Without TORCH_ROCM_AOTRITON_ENABLE_EXPERIMENTAL=1 set, PyTorch silently falls back to the math SDPA kernel and prints Flash attention was not compiled for current AMD GPU architecture — the warning is misleading, the kernel IS compiled, the env-var gate is just closed. bootstrap.sh writes the export into .venv/bin/activate so it loads automatically; the trainer scripts also set it defensively.

Re: aule-attention (https://github.com/AuleTechnologies/Aule-Attention) — its Triton backend lists MI300X / MI300A / MI250X / MI250 / MI210 / MI100 and its Vulkan backend covers RDNA3 dGPUs / RDNA2; gfx1151 is on neither path. README claims <1e-3 fp16 deviation vs torch SDPA but ships no public training-loss reproduction or test-suite metrics. Not a recommended training path on this arch yet.

What still does NOT work out of the box (build-from-source paths)

Package	State (verified 2026-04-28)	Workaround
bitsandbytes	Source build on TheRock 7.11 nightly is confirmed working (TheRock #2945 closed 2026-02-03).
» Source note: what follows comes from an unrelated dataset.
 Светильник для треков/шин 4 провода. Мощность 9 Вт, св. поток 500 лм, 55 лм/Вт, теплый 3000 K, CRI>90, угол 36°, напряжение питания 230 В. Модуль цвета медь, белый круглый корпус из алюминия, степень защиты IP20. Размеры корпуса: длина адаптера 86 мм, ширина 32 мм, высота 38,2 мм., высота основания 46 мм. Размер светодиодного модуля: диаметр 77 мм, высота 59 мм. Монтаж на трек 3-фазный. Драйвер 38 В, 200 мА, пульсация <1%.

Still no precompiled ROCm wheel on PyPI.	Build from source — see commands below. After that, `optim="adamw_8bit"` works.
vLLM	PyPI wheel is CUDA-only. ROCm builds work on dGPUs but APU paths (Strix Halo) need guards.	APU-guarded toolbox build (see kyuz0 repo) or stick to `transformers.generate` for now.

bf16 numerical caveats on gfx1151 (ROCm/ROCm#6034 — still OPEN)
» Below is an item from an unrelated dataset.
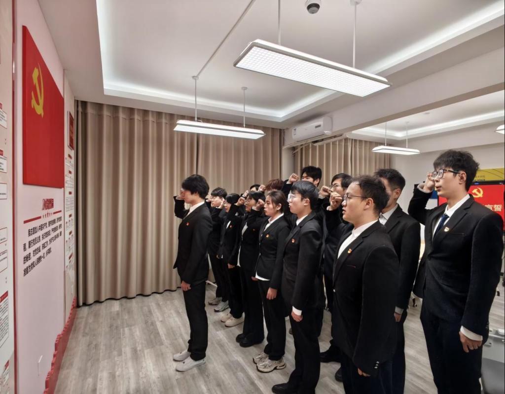 仪式在雄壮的《国际歌》中拉开序幕。王亚飞宣读了新发展党员名单。随后,在领誓人的带领下,新党员面向鲜红的党旗,高举右拳,郑重许下为共产主义奋斗终身的誓言。铿锵誓言彰显了新党员们对党的忠诚与坚定信念。

AMD acknowledged 5 distinct bf16-related bugs that hit training stability on gfx1151. None of these are AOTriton kernel bugs — they're in the broader HIP/torch.compile path. Plan around them:

NaN within ~15 steps when total_batch_size <= 2**13 (8192 tokens)
NaN at head_dim=32 (use 64+)
NaN at network depth ≥ 12
NaN with Adam beta2 < 0.97 (default is fine; check if you tweak)
Cumulative bf16 drift causing crashes around step ~1000 on long runs

Mitigation: prefer larger device batches, head_dim 64+, depth ≤ 10, default betas. Checkpoint frequently. If you see drift, restart from the last good checkpoint or fall back to attn_implementation="eager" for diagnosis.
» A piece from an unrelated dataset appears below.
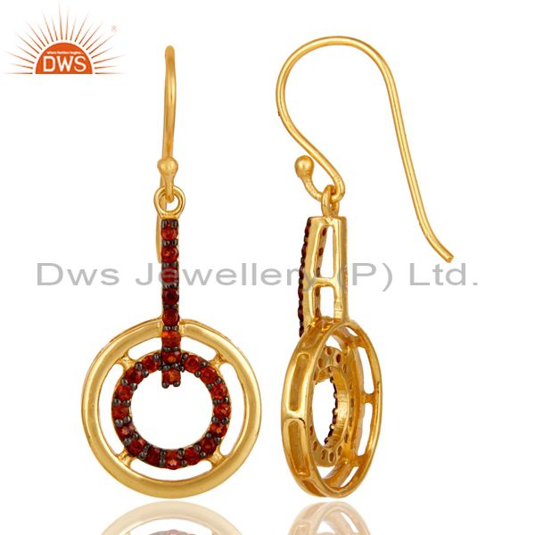 Garnet and 18K Gold Plated Sterling Silver Gemstone Drop Earring

Build bitsandbytes from source on TheRock 7.11+

Confirmed recipe from TheRock #2945:

git clone https://github.com/bitsandbytes-foundation/bitsandbytes.git
cd bitsandbytes

source .venv/bin/activate          # the venv with TheRock torch installed
export ROCM_HOME=/opt/rocm
export HIP_PATH=/opt/rocm
export PYTORCH_ROCM_ARCH=gfx1151    # build-time only — required here

cmake -DCOMPUTE_BACKEND=hip -S .
make -j$(nproc)
pip install -e . --no-build-isolation

python -c "import bitsandbytes; print('ok')"

Note that PYTORCH_ROCM_ARCH=gfx1151 IS load-bearing at build time (just not at runtime). The TheRock environment also still requires the TheRock-specific env vars from issue #1658 to be set in some setups; if cmake can't find ROCm headers, export ROCM_PATH=$(python -c "from rocm_sdk import path; print(path())") or fall back to /opt/rocm.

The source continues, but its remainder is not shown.